2. In the trust management system described in claim 1, A trust management system characterized in that the input of the number of stock acquisition rights or points to be granted to the aforementioned beneficiary is performed in accordance with the stock acquisition rights granting regulations established in advance by the issuing company of the aforementioned stock acquisition rights.
3. In the trust management system described in claim 1, A trust management system characterized in that the aforementioned stock acquisition rights are subject to an exercise condition that allows them to be exercised only within a specified period following the day following the retirement or resignation of the beneficiary.
4. In the trust management system described in claim 1, The aforementioned stock acquisition rights are accompanied by a trigger clause stating that the exercise price at the time of beneficiary designation must be equal to or greater than the tax valuation.
5. In the trust management system described in claim 1, A trust management system characterized in that, instead of delivering the stock acquisition rights to the beneficiary, the trustee delivers shares obtained by exercising the stock acquisition rights.

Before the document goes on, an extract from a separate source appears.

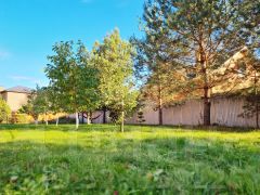 И вот, перед вами предстает обитель, достойная царя! Дом, стоящий на просторном, ухоженном участке, словно корабль, бросивший якорь в тихой гавани. Участок, весь в изумрудной зелени газона, усыпанного яркими красками плодовых и декоративных деревьев, словно волшебный сад, сотканный из летнего сияния.
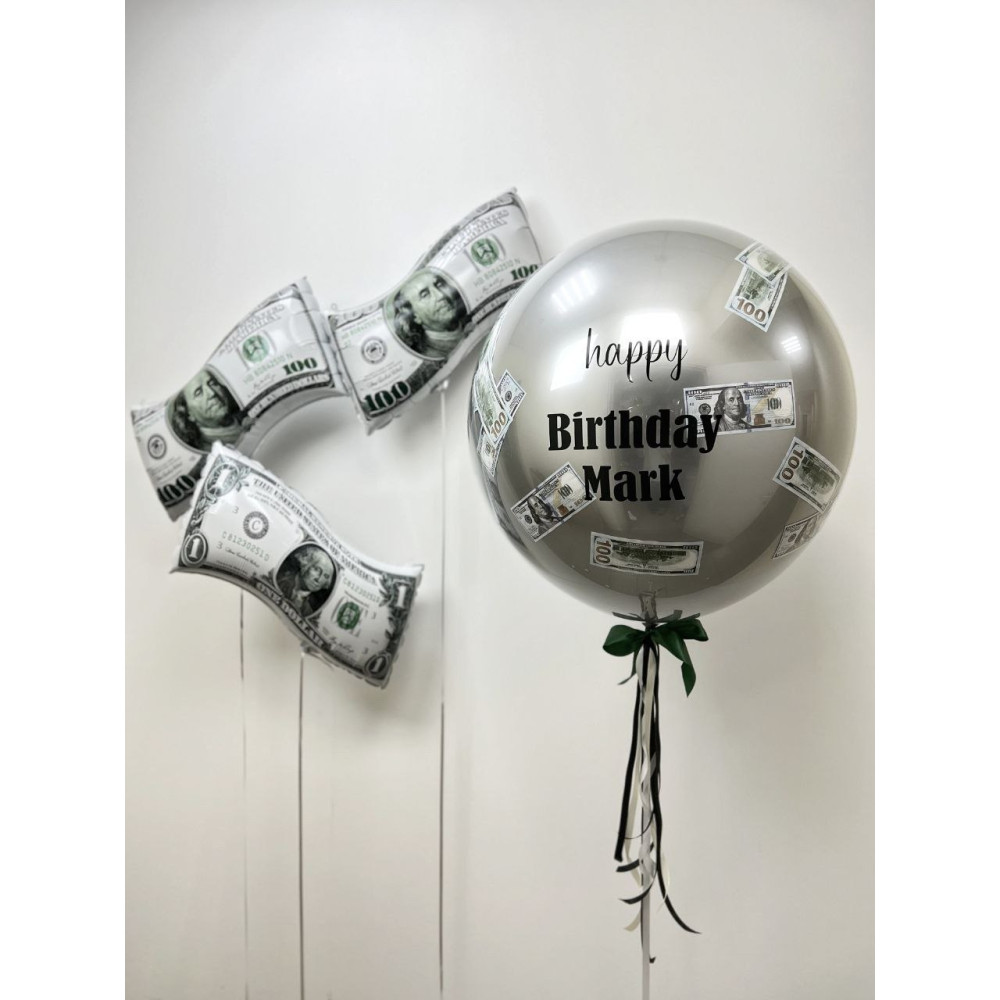 1 большой зеркальный шар с долларами и вашим текстом.

6. Regarding a trust for issuing stock acquisition rights, which is a beneficiary tax trust established for stock acquisition rights with an exercise price of a nominal amount such as 1 yen, the steps include receiving input from an authorized holder who has the authority to grant the number of stock acquisition rights or points to be granted to beneficiaries who have contributed to improving the performance of the issuing company of the said stock acquisition rights, and The steps include: delivering to the beneficiary a number of stock acquisition rights equivalent to the number of stock acquisition rights or points granted to the beneficiary; A trust management method characterized by having the following features.